Electrical – Tried to remove one GU10 bulb, afterwards lost the entire fixture

electrical

We are in a new-to-us home, and the breakfast nook has a hanging fixture with 5 GU10 (or at least I think they are GU10) bulbs, all in a row. The 4th one has been dark since we moved in so I decided to tackle it earlier today.
After much wrasslin' and cussin', I ended up breaking the bulb despite trying the rubber gloves 'push and turn' method.
After getting most of it out, glass shards and all, some of it was still left in there so I tried some pliers, only making the problem worse.
Left it for another day, but as I was about to close up for the night I dimmed this fixture (the fixture uses a Lutron I believe) and after working as normal for a few minutes there was a sound like something between a loud click and a snap, and the entire fixture went dark.
The dimmer switch does not respond at all, and nothing lights up on the little dots in the switch. The breaker panel is all fine, nothing tripped.
I am concerned this could be a fire issue, and of course I'd like to get the fixture working again, even with 4 out of 5 bulbs.
What is the likely problem? Is the fixture toast, or the dimmer, or both? How do I go about troubleshooting? I've done light electrical work before (and one time, in a foolish prior life, actually added a 20 amp breaker to a box but I won't be trying that again). I do have some tools but before trying anything I thought I'd check here first.
Thanks in advance!

Best Answer

Just replace the stupid fixture. The entire point of the GU10 was to force people to stop using filament bulbs and replace them with Compact Flourescent bulbs. This was in the days when the cost for CFC was higher than filament and the lifetime was the same as filament so naturally nobody was interested in buying them except California who was struggling with the shortage of generation capacity due to their stupidity in electrical regulation.
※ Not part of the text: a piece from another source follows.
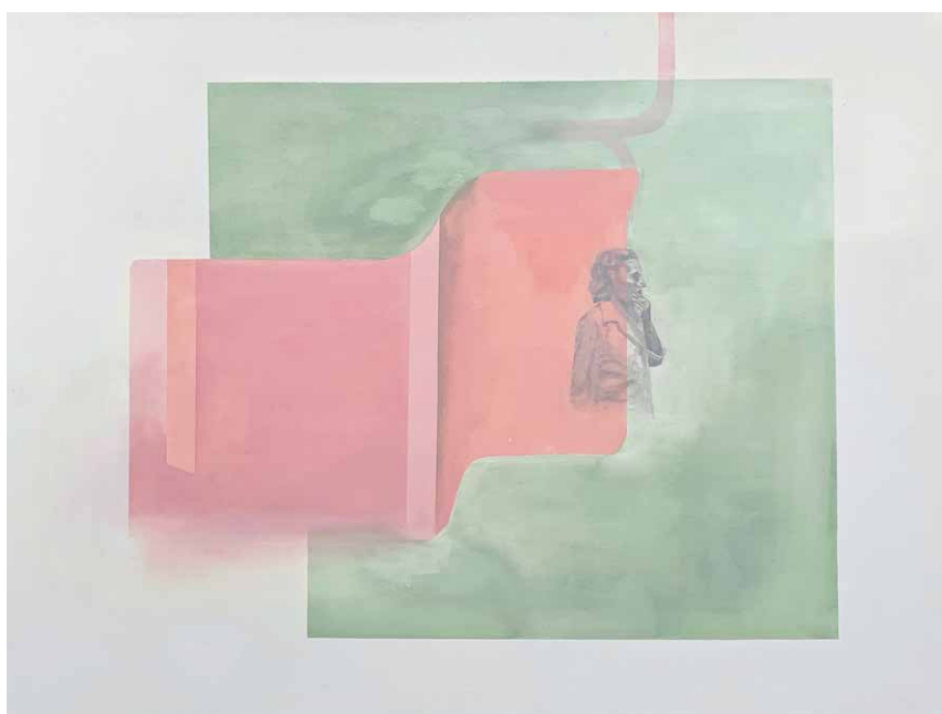
S/T. Serie "¿A que le temerá la ausencia?". Óleo sobre tela 60 x 70 cm 2019.

Today, with LEDs the Edison-base replacement market -DWARFS- the GU10 market and with LEDs costing the same as filament and the lifetimes of them so much longer, there is no need for goofy sockets to force people to replace lights with LEDs the cost savings and reduced replacement intervals are plenty good enough for that. The final nail in the GU10 socket was when CA stopped requiring them in new construction.

I haven't seen a new GU10 fixture at Home Depot for quite a while now. Everything is Edison-base and the vast majority of LED bulbs are Edison-base. They have a few token GU10's in basic sizes for apartment dwellers stuck with this strange deviation from what has got to be the most foolproof light socket ever designed, but the cost of GU10 bulbs is rising as the demand has been falling and we all know where that vicious circle is headed.

The former owner of the home knew the future of that light in your nook was fixture replacement and left it for you to do. Take your wife shopping at HD and let her pick out a new fixture and get some good husband brownie points for this one.